**Work to be completed**
With the images removed, repeat the data below exactly.

**Dataset section**

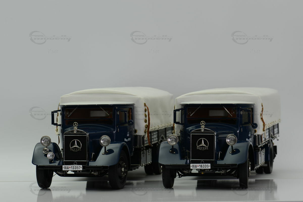 The 1/18 scale model, manufactured by CMC, showcases the Mercedes-Benz Mercedes LO 2750 in impressive detail. This diecast model car is meticulously crafted with attention to detail. Upon closer inspection of the photos, numerous loving details are visible: from the delicate mirrors to the authentically designed headlights and taillights. The interior is also faithfully reproduced, with clearly identifiable instruments and an accurately recreated driver's cabin. The canvas is made of fine fabric and adorned with tiny yet functional fastenings. Member "Karr" has a real highlight in his collection, showcasing the authentic replication and historical significance of this truck. The 1/18 scale model from CMC offers an excellent addition to any collection specializing in historic commercial vehicles.
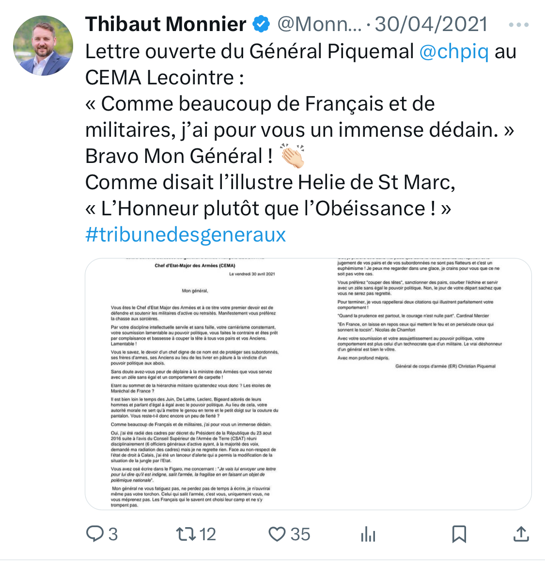 En 2021, il apporte son plein soutien à la tribune des généraux factieux annonçant pourtant la guerre civile en France et la reprise du pouvoir par les militaires. [9/15]
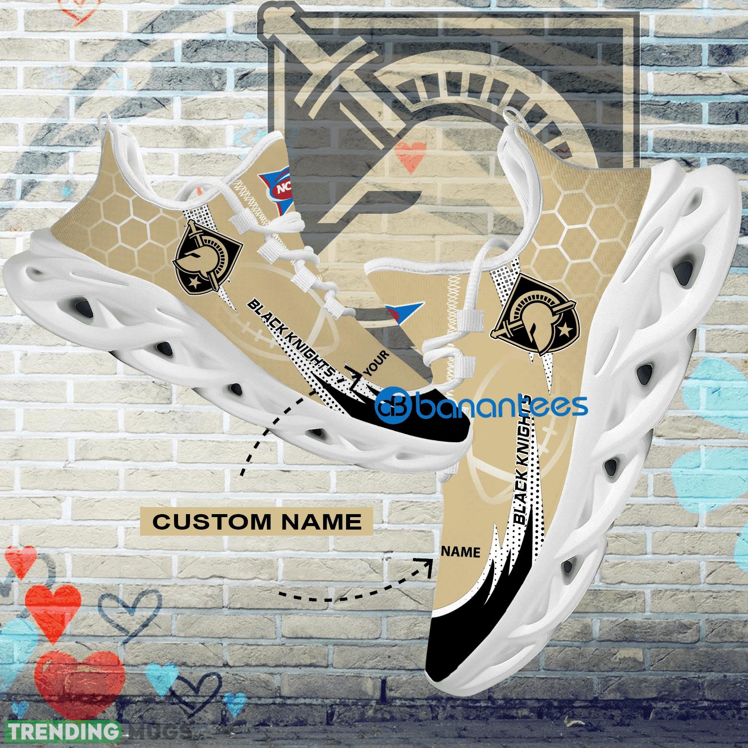 This Personalized NCAA Army West Point Black Knights Hexagonal Pattern Max Soul Shoes New Gift Sports Sneakers is a breathable, lightweight, and comfortable casual outdoor shoe that has a unique design. It is made of a mesh fabric which makes it sweat absorbent and breathable, while the rubber bottom ensures traction, comfort, and durability. It is available in two colors: black or white sole. There are two styles of shoelace holes so you can choose your preference.
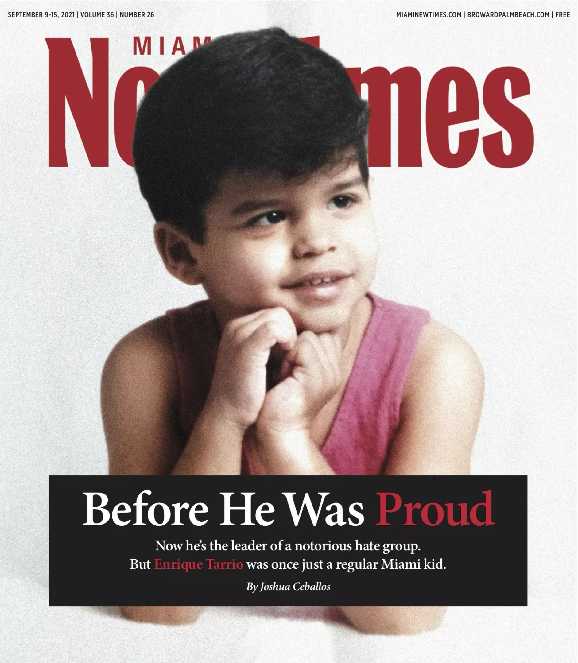 Proud then — prouder now? Enrique Tarrio at home in Miami in the summer of 2021.

**Solution for this exercise**
 The 1/18 scale model, manufactured by CMC, showcases the Mercedes-Benz Mercedes LO 2750 in impressive detail. This diecast model car is meticulously crafted with attention to detail. Upon closer inspection of the photos, numerous loving details are visible: from the delicate mirrors to the authentically designed headlights and taillights. The interior is also faithfully reproduced, with clearly identifiable instruments and an accurately recreated driver's cabin. The canvas is made of fine fabric and adorned with tiny yet functional fastenings. Member "Karr" has a real highlight in his collection, showcasing the authentic replication and historical significance of this truck. The 1/18 scale model from CMC offers an excellent addition to any collection specializing in historic commercial vehicles.
 En 2021, il apporte son plein soutien à la tribune des généraux factieux annonçant pourtant la guerre civile en France et la reprise du pouvoir par les militaires. [9/15]
 This Personalized NCAA Army West Point Black Knights Hexagonal Pattern Max Soul Shoes New Gift Sports Sneakers is a breathable, lightweight, and comfortable casual outdoor shoe that has a unique design. It is made of a mesh fabric which makes it sweat absorbent and breathable, while the rubber bottom ensures traction, comfort, and durability. It is available in two colors: black or white sole. There are two styles of shoelace holes so you can choose your preference.
 Proud then — prouder now? Enrique Tarrio at home in Miami in the summer of 2021.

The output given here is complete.